Erik Thedéen, vice chairman of the European Securities and Markets Authority says that we should ban Bitcoin.
Actually he has not said to ban bitcoin but "ban proof for work". But one thing implies the other as I will show later.
What exactly did Erik Thedéen say?
That "POW(Proof of Work)" is a problem for climate change and endangers the ecological objectives of the EU and the limits on gas emissions, and that therefore the only way to avoid this is to ban it and that cryptocurrencies use the POS (Proof of Stake) as a consensus method.
This is said by a high official of the European state bureaucracy. But as is typical in bureaucracies, negligence reaches heights that are hard to believe.
Let's see why:
1. First of all, to be in a position like yours, you seem to understand absolutely nothing about economics. What has been tried to do in the EU is to increase the cost of electricity, not to say for the citizens what to consume and what not. The EU has very expensive electricity because of the policies imposed: renewable energy, an irrational fear of nuclear power, using gas as structural energy and finally CO2 emission bonds. Basically the idea of the European Union to reduce emissions are two: subsidize green energy and put a tax on CO2 emissions to discourage it (the emission bonds).
From there, the companies and citizens, in fact the citizen, will decide what to spend on, because the politicians do not know what each one wants, this is not the Soviet Union, they do not plan what each individual has to have, but instead encourage to consume in a certain way. So if electricity is more expensive, we discourage the use of the car, for example. This is the reality of the European Union. I am not in favor of this, but that is not the point. The point is that we do not plan what people should consume, but we condition it.
Can you imagine a government saying whether or not we can eat jelly beans, travel by plane or play video games?
At the moment that Erik says that we have to ban "POW" what he is saying is what we should or should not consume. He is the wise one who knows that he likes the guys? Because if we are to say nonsense, I say that it is more rational to ban video games, after all, video game consoles consume a large amount of energy and it is more superfluous than systems like Bitcoin that help millions of people in the third world to maintain their purchasing power (see Venezuela, Nigeria, etc) where socialist dictatorships devalue the currency, just to mention a use of Bitcoin. Fun or help the third world? I know that I am making a simplistic comparison, but it cannot be otherwise because I am giving a personal preference and not an empirical fact, just what Mr. Erik has done.

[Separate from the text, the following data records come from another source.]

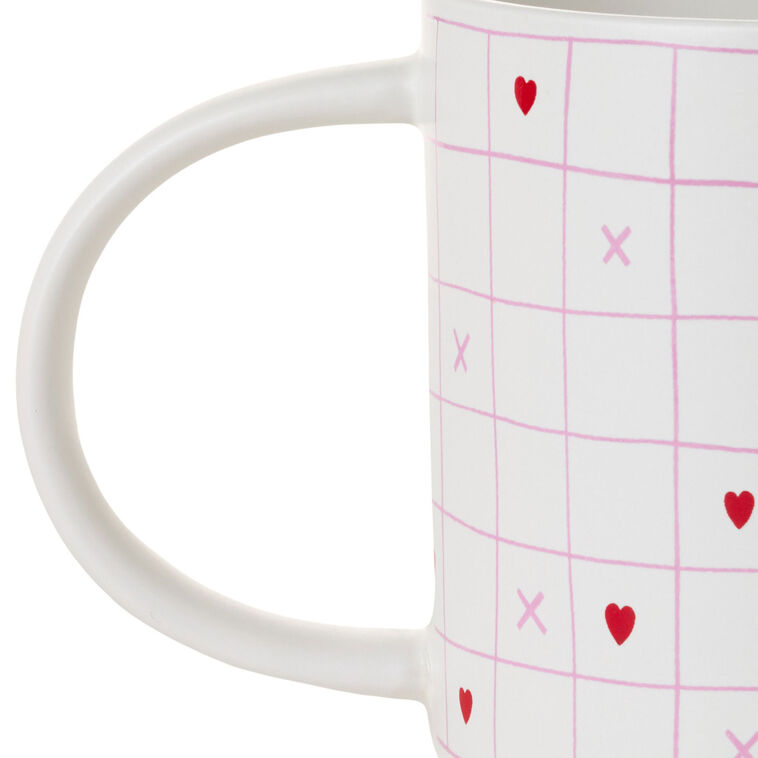 • White mug features a pink grid pattern with X and heart designs, an oversized handle and a recessed base for stacking.
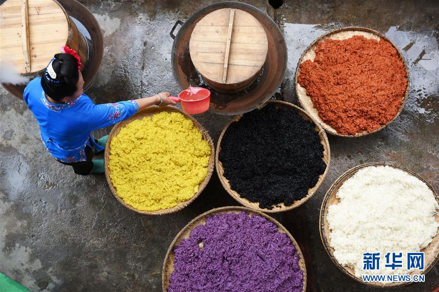 4月17日,在贵州省台江县姊妹街哆蝶五彩姊妹饭体验店,苗家妇女在蒸煮五彩“姊妹饭”。新华社记者 杨文斌 摄
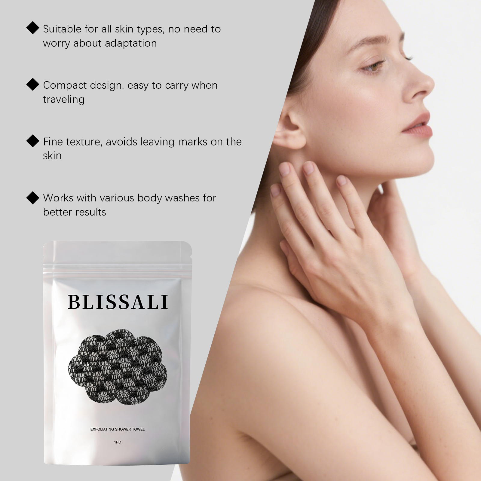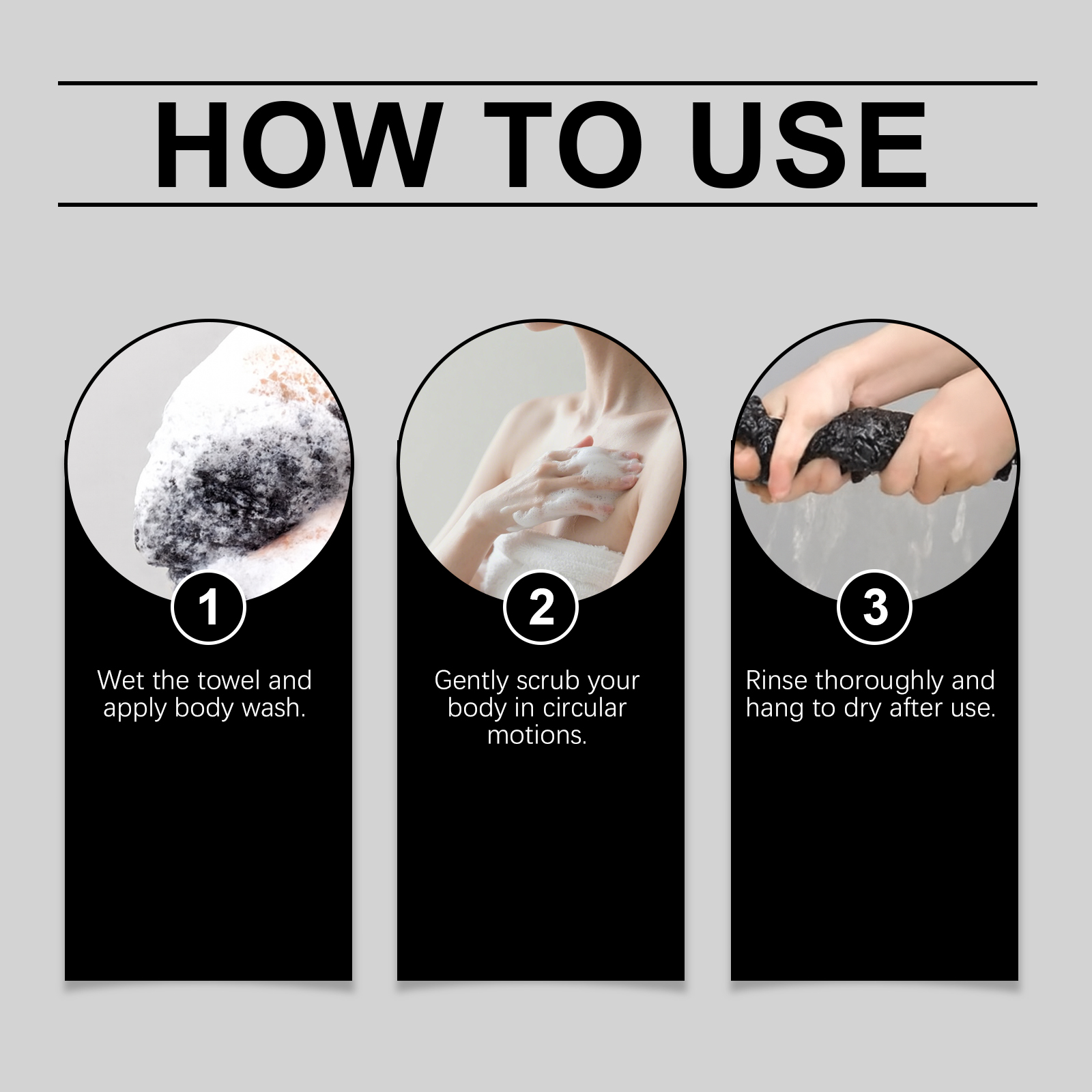 我们的身体清洁浴巾,由涤纶,碳纤维精心制作而成。专为去除身体杂质设计。使用方法极为便捷:将毛巾打湿并涂抹沐浴露。以打圈方式轻柔搓洗身体。使用后彻底冲洗并悬挂晾干。并且不伤皮肤,触感温和。
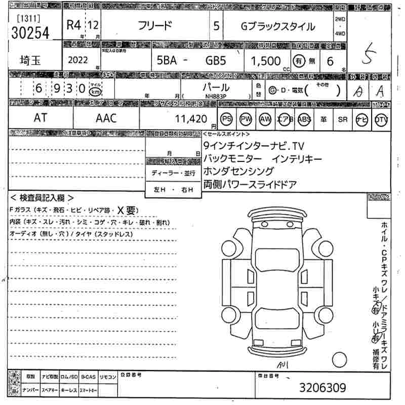 HONDA FREED 2022 г., лот № 30254
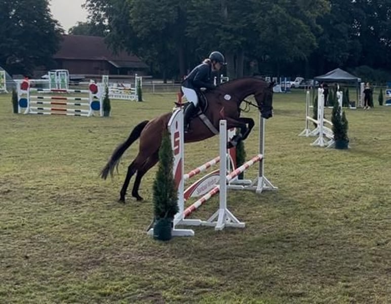 Zum Verkauf steht unsere 6jährige Hannoveraner Stute Carlotta von Casallco x Valentino. Im Frühjahr 24 schonend angeritten, zeigte sie sich von Anfang an ausgesprochen lernwillig und mit viel Freude an der Arbeit. Ausgestattet mit 3 sehr guten Grundgangarten und dem nötigen Go bringt sie sowohl für die Dressurarbeit als auch für den Springsport viel Potenzial mit. Am Sprung ist sie unerschrocken und motiviert. Auch auf ihren ersten Tunieren diesen Sommer zeigte sie sich sehr brav und schon recht abgeklärt. Wir wünschen uns für sie eine/n Reiter/in der/die sie weiter fördert und ihr ermöglicht, ihr sportliches Potenzial auszuschöpfen. Aufgrund ihres Alters und Ausbildungsstandes wird sie nur in erfahrene Hände verkauft. Wir verkaufen sie unter Wert, weil sie leider ein gesundheitliches Defizit hat, das sie aber bei entsprechender Haltung in ihrer Leistungsfähigkeit nicht einschränkt. Genaueres bei persönlicher Anfrage und ernsthaftem Interesse.
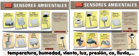 Sensores meteorológicos, dirección y velocidad de viento, lluvia, radiación solar, nieve, evaporación,….
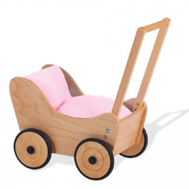 Une belle poussette en hêtre laqué destinée à promener ses poupées. Equipée de freins, cette poussette est idéale pour les plus jeunes.
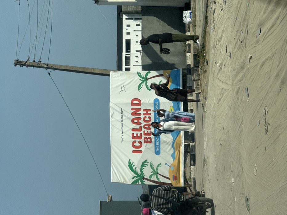 This image depicts an outdoor scene in Mopo-Akinlade, Nigeria, characterized by an unpaved, sandy-dirt ground with tire tracks and debris. In the center, a large white billboard prominently displays "You're Welcome to the NEW ICELAND BEACH" with an illustration of palm trees, a beach, a sandcastle, and seagulls. The billboard is supported by concrete blocks at its base. Five individuals are visible: 1. On the far left, the upper torso of a person in a striped shirt is seen from behind, seated on a motorcycle. 2. To the left of the billboard's center, a woman in a long, light-colored dress or jumpsuit stands, holding a pink bag in her left hand, with her right arm raised. 3. Slightly behind and to the right of the first woman, a second woman in a light blue dress also stands with her right arm raised. 4. To the right of the two women, a man in a dark, patterned short-sleeved shirt and dark shorts stands with both arms raised and bent at the elbows, hands open, in an expressive gesture. 5. Further right, a second man in a dark t-shirt and olive-green trousers faces the expressive man, holding a dark, possibly mesh, circular object in his left hand. In the background, a tall, grey utility pole with multiple dark wires stands to the right of the billboard. Behind the pole, a white multi-story building with dark windows is visible, along with a dark grey concrete wall closer to the foreground. The sky above is clear and light blue.
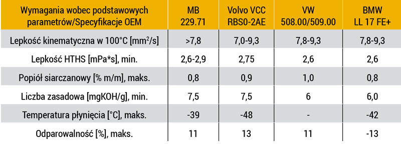 Tabela 4. Wymagania wobec podstawowych parametrów fizykochemicznych specyfikacji jakościowych OEM opracowanych dla olejów klasy SAE 0W-20
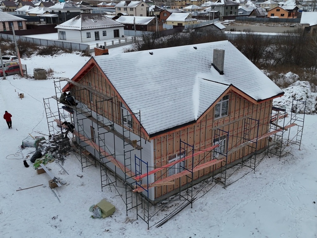 Обшили фасад в СНТ Весна, район Метелёва. 1. Весь дом утеплили Эковером толщиной 100мм 2. Фасад обшили металлосайдингом, цвет серый графит Ral 7024 3. Углы, откосы на окна и карнизы сделали белым цветом. 4. Первый этаж пристроя заказчик планирует обшить сайдингом ближе к лету, поэтому утеплитель закрыли стойкой к ультрафиолету плёнкой Изоспан AQ Proff. Весь остальной утеплитель, который под сайдингом, закрыли плёнкой Изоспан АМ Строительная компани 100 Домов. Фасадные работы под ключ Тел 89044975595

Each individual has to spend on what they want, not on what the bureaucrat orders.
2. Bitcoin, according to studies in this regard, could be consuming about 0.1% of the world's electricity. The European Union intends to reduce its CO2 emissions by 40, 50, 60%, is 0.1% so important as to ban it? A bit absurd.
This is assuming that if Bitcoin consumes 0.1% of the world's electricity, it must consume 0.1% within the European Union. But that is not the case, because no one who can afford to consume electricity for a business wherever they want would end up in the EU. Because the EU has decided for political reasons to have the most expensive electricity in the world. If one looks at the estimates of where the Bitcoin nodes are, what becomes more than clear is that the majority are in countries where electricity is cheap, that is, outside the EU. Mostly in the USA and other countries like Iceland, etc. In other words, we know that Bitcoin does not consume even that 0.1% of the electricity in the EU.
3. What's the point of blaming Bitcoin for contamination? It pollutes the power plants that pollute, and they do so to provide certain services: factories, cars, video games, light in houses, etc. If the energy were clean, Bitcoin would not pollute, like the rest of human activities.
What you are saying is that Bitcoin is not a legitimate use for contamination, because our dear bureaucrat has decided for us what is worth contaminating and what is not. For example, playing video games, or lighting Christmas lights, is essential. Non-politicized money, money that is not debt, is not a reason to pollute.
4. Bitcoin is POW (Proof of Work) except that Mr. Erik does not know Bitcoin, how it works or its community, which would be almost impossible to change his mind and adopt POS. Banning POW is equivalent to banning Bitcoin.
Once I have denied the absurd ideas and solutions of our beloved bureaucrat, I ask myself the following question. All high officials in the EU, especially those in charge of the central bank, taxes and business, hate Bitcoin, and there are two options: do they lie about Bitcoin because they are incompetent or do they lie because they have hidden interests? I opted for the second option.
It is no secret that the EU bureaucracy considers cryptocurrencies a threat as they already legally, formally and publicly state in the EU regulatory framework on cryptocurrencies, called MiCA. Where they affirm that cryptocurrencies are a threat to the control of central bank money, since decentralized protocols when giving interest for currencies, especially stable coins, allow users to receive interest on them, thus preventing the central bank inject or withdraw money from the economy, since as we all know the Central Bank of the EU and the Federal Reserve, give the savings of their citizens to the banks by lending the money at zero percent interest and even negative interest. At the moment that the citizen receives interest or earns money that cannot be stolen, they will lose control.
After all, they are not stupid, they are evil.